Of the many story lines that converge in the marvellously idiosyncratic Los Angeles home of Kirsten Dunst, one of the most compelling is the enduring relationship between the actor and interior designer Jane Hallworth. The two met just over 20 years ago, when Dunst was only 18 years old and Hallworth, having recently alighted in California from university in England, was assisting her sisters, Dunst’s longtime stylists Nina and Clare Hallworth. A few years later, as Hallworth was beginning to establish herself as a player in the world of interiors, Dunst turned to her friend for help in designing the star’s first proper L.A. home, a kind of reimagined Scandinavian lake house tucked in the Hollywood Hills.
“I wasn’t particularly interested in clothes and cars, but I was excited about my home,” Dunst recalls. “Jane really educated me about furniture and design. I was her student in that realm.”

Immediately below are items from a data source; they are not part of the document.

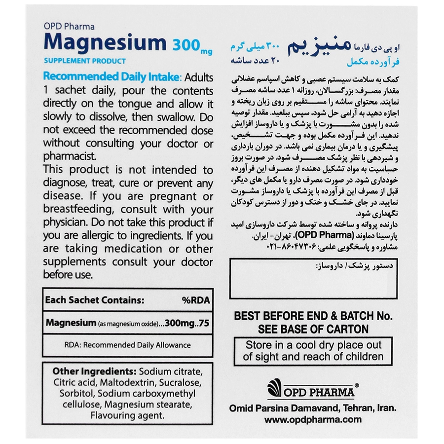 هر ساشه حاوی 300 میلی گرم منیزیم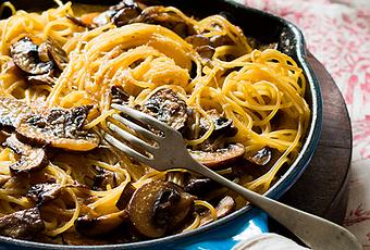 - Batimos bien los huevos en un cuenco grande. Añadimos los espagueti, el sofrito de cebolla y champiñones y unos 50 gr. de queso parmesano. Removemos bien y colocamos en un recipiente apto para horno. Cubrimos con otros 50 gr. de parmesano y horneamos a 150ºC unos 15 min. Sacamos del horno y servimos.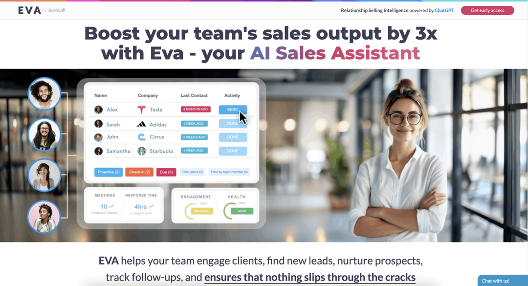 <img src="https://i.ibb.co/Tg5gJHN/Sortd-Site.png" alt="Sortd-Site" border="0" width="450">Eva is an AI-powered sales assistant using an agentic approach to revolutionize B2B sales workflows. Leveraging an advanced AI agentic approach, Eva autonomously handles lead research, personalized outreach, and follow-ups. It integrates seamlessly with existing systems, acting as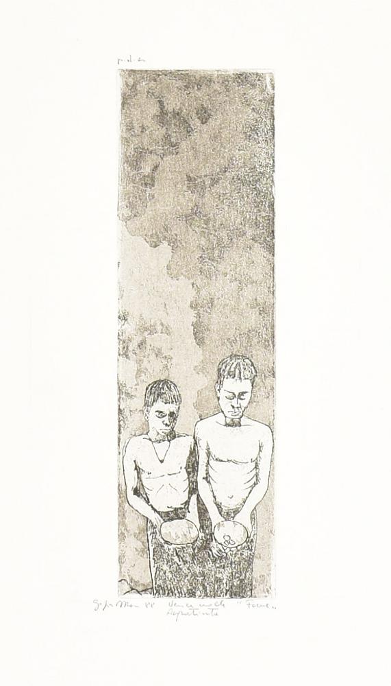 acquatinta su carta Fabriano, battuta cm 26x8, su foglio cm 50x35; es. P.A.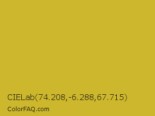 CIELab 74.208,-6.288,67.715 Color is a normal yellow color and the nearest color is Old Gold #cfb53b. Hex code #cdb72c and RGB value is rgb(205,183,44). In RGB color space, this color is composed of 80% red, 72% green, 17% blue, In CMYK color space, this color is composed of 0% cyan, 11% magenta, 79% yellow , 20% black , In HSL color space, this color has a hue angle of 52° , 65% saturation and 49% lightness.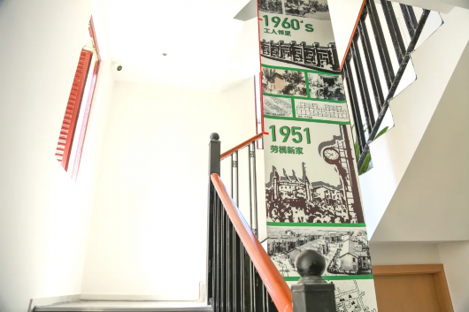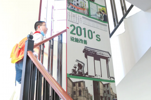 9米高的挑空幕布展现了曹杨一村70年间的变迁,大家在前往三楼主展区的过程中,可以观察到幕布逐渐由黑白变为了彩色,老照片也变为改造后的新场景。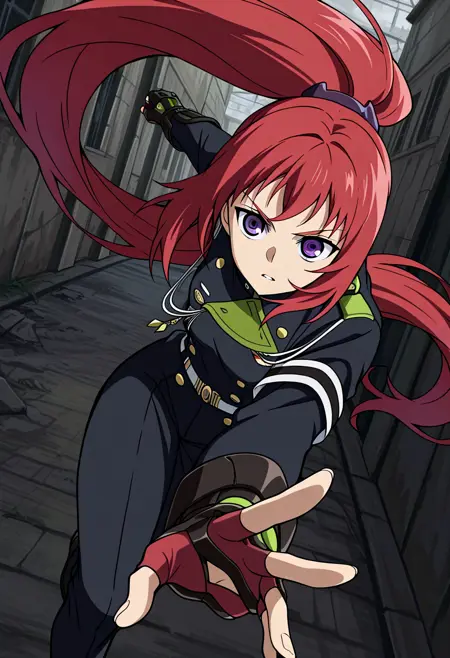 触发词为:1girl, mito jujo, vampire slayer uniform, red hair, purple eyes, ponytail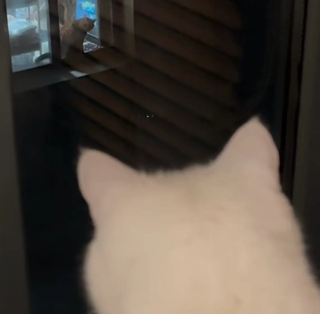 그래서 안전을 위해 창문이 있는 방을 잠가두었었는데, 대백이의 사연을 알게 된 후 창문을 깨끗이 닦아주고 두 고양이가 다시 만날 수 있게 해 주었습니다.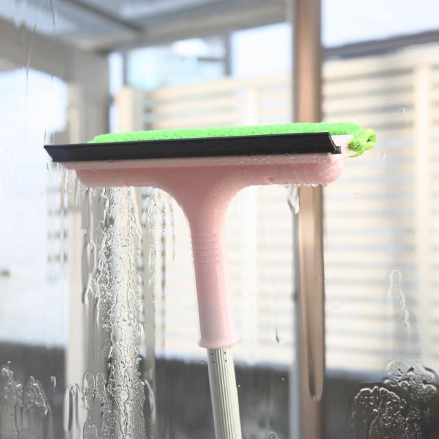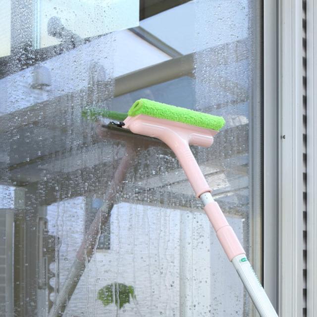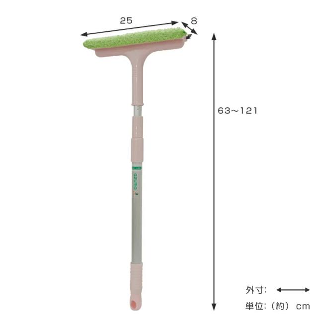 柄は伸縮可能なので、伸ばせば高いところも楽にお掃除できます。外側も室内からお掃除する事ができおすすめです。縮めれば省スペースで収納できます。先端には吊るし穴があるので吊るして収納する事もできます。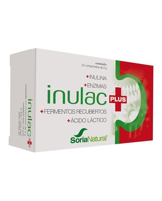 Inulac Plus Tablets es un complemento alimenticio diseñado para ser utilizado después de comidas pesadas. Su alto contenido de fibra contribuye a una mejor digestión. El formato incluye 24 comprimidos de 2 g cada uno. Los ingredientes de Inulac Plus Tablets son: Inulina (1060 mg), fructosa, aroma a piña, pancretina (80 mg), papaína (80 mg), amilasa (80 mg), corrector de acidez: ácido cítrico, estabilizante: almidón de arroz, antiaglomerante: sales magnésicas de ácidos grasos, ácido láctico (10 mg), sal, fermentos recubiertos (L. acidophilus, L. casei, L. plantarum, L. rhamnosus y L. bulgaricus en una cantidad aproximada de 5,05x107 UFC/comprimido).
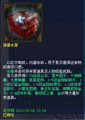 活动三:秋鸿赠礼 活动时间:2013年08月26日00:00 —— 2013年09月06日23:59 等级要求:50级及其以上所有玩家(在跨服服务器无法参与) 活动介绍:活动期间,50级以上的玩家每在线30分钟就可获得1个清暑冰匣,打开后可获得丰厚道具奖励。每个玩家每天最多可获得5个清暑冰匣。 清暑冰匣奖励列表: 秘制豆角、雪米团子、1级血色花泪、宝匣钥匙、5-15级吴山石、秘色瓶宝箱、九霞锦囊、十诫锦囊、五色土、1-5级红色金刚钻、1-5级蓝色金刚钻、1-5级金刚钻碎片、1-5级金刚钻原石、各式家具图样、金块、金条、小藏宝图册、保灵丹、妙品五色云、妙品高级碧柳露、三星膏、再生液、焕然液、蒺藜草汁、棣棠花露、沧海石心、兽王珍宝箱、影无踪、鬼不识、金钟罩、琉璃镜、破隐、鲁班经上卷、五/十石仓、2-4级朱砂笔、1-2级传家宝碎片、如影衣、御赐武扬金令、小束薇草、小篮银桃 活动四:秋实满园(尚未开放) 活动时间:2013年08月29日10:00 —— 2013年09月05日07:59 等级要求:所有拥有家园的玩家 活动介绍:活动期间,所有拥有家园的玩家在收获作物时,均有几率直接获得新家园装饰物——百年好合和龙门阵,它们可作为功能性装饰物摆放。也可以放入1级以上家园的装修仓库中,再作为美观性装饰物摆放。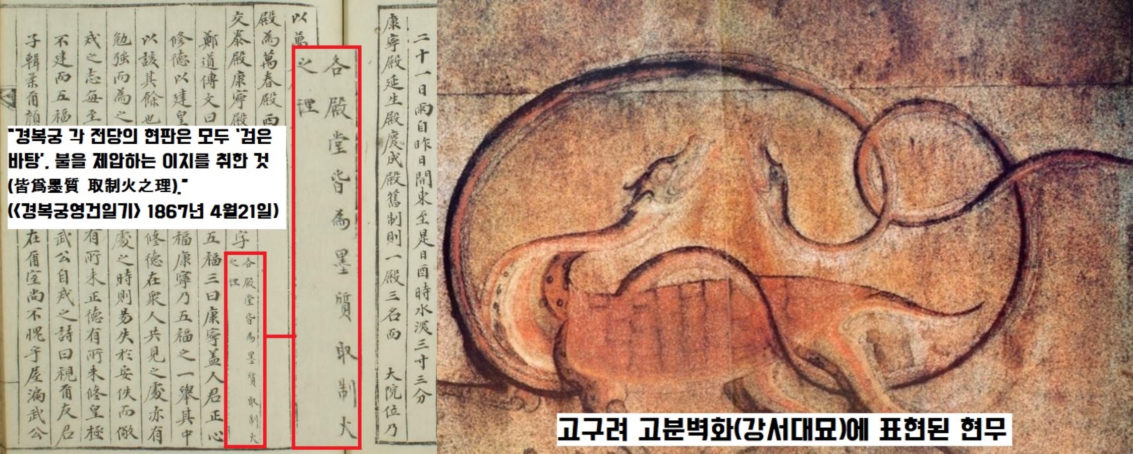 검은 색이 불을 제압한다구요. ‘검은 색’은 사신도의 ‘북 현무(北 玄武)’에서 보듯 음양오행 가운데 ‘북쪽과 물(水)’을 상징합니다. 그렇습니다. 경복궁 중건 때 각 전각의 현판을 검은색 바탕으로 한 이유는 바로 ‘화재방지용’이었던 겁니다.

No teacher could ask for a more inquisitive, appreciative pupil. “Kirsten has worked with some of the world’s best costume and set designers, so she has an amazing eye. She gets inspired by beautiful things. She can see the poetry in them. For her, it’s not about style or pedigree per se, but that sweet, lovely call of home,” Hallworth says. “For that first house, I didn’t lead her to trivial pieces. We didn’t buy much, but what we did buy was the best.
Indeed, many of the objets de vertu acquired during that initial collaboration—like a set of steel Gio Ponti chairs with teal leather upholstery, and a Baguès ship-form crystal chandelier—have made their way, nearly two decades later, into Dunst’s current abode, a 1930s ranch house in the San Fernando Valley, where she lives with her fiancé, fellow actor Jesse Plemons, and their two sons, three-year-old Ennis and baby James. “I’m really a Valley girl. It’s just more peaceful here than the other side of the hill,” Dunst says matter-of-factly, pooh-poohing the antiquated snobbery of the L.A. real estate market.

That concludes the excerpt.